Taken together, results from the associative learning procedure show that fear learning reduces the fraction of neurons responding to the CS, while increasing the strength of responsive neurons. The net effect is an enhancement of sparse population coding with a moderate decrease in total activity.
Exposure to a non-reinforced stimulus results in non-associative plasticity in primary sensory cortices (Dinse et al., 2003; Frenkel et al., 2006; Gilbert, 1998; Jasinska et al., 2010; Megevand et al., 2009; Melzer and Steiner, 1997), and this has been proposed to be a substrate for perceptual learning (Frenkel et al., 2006). We used this form of non-associative learning to examine if the effects observed after associative fear conditioning were general to learning per-se, or were specific to associative fear learning. We measured population responses to whisker stimulation in mice exposed 4–5 days earlier to 5 CS presentations during a single trial with no US (5 mice total of 520 neurons). Hereafter, we refer to this group as ‘stimulated’. Mice not exposed to the CS were used as controls (8 mice total of 789 neurons); hereafter we refer to this group as ‘naïve’.

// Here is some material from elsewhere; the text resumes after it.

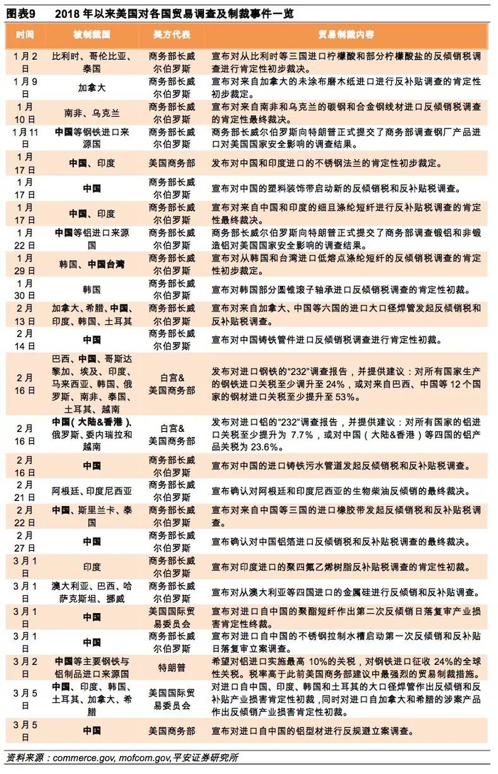 无论是从美中贸易逆差的绝对规模还是相对规模来看,中国都有极大可能成为美国此轮贸易战的重点目标对象。从2018年美国对各国展开的贸易调查及制裁事件也可以看出,中国是近期美国政府开展贸易战的重点对象之一。

Measures of spontaneous activity and network synchrony were not significantly different between naive and stimulated mice (Figure 6A, magnitude of fluorescent change: naïve 1.15±0.03%; stimulated 1.16±0.04% dF/F, P=0.28; Figure 6B, sham fidelity: naive 1.56; stimulated 1.49, P=0.28; Figure 6C, network synchrony: 2-way ANOVA training X distance indicated no training effect F(7, 320)=0.81, P=0.58). As above, these measures were used to derive the 95% threshold to define responsive neurons across trials. These values for dF/F were 3.1% for the stimulated group and 3.3% for naive controls. The 95% threshold for measures based on fidelity was 4 responses to 10 trials for both groups.
Mere exposure to a non-reinforced stimulus did not significantly alter the fraction of neurons responding to single-trial whisker stimulation (Figure 7A, naive=33±4%, stimulated=44±6%, P=0.29). Nor were significant changes seen when we analyzed the fraction of neurons recruited across all 10 trials, as described above (Figure 7B: naive=62± 4%, stimulated=68±6%, P=0.56; Figure 7C: naive=47±4%, stimulated=57±7%, P=0.26).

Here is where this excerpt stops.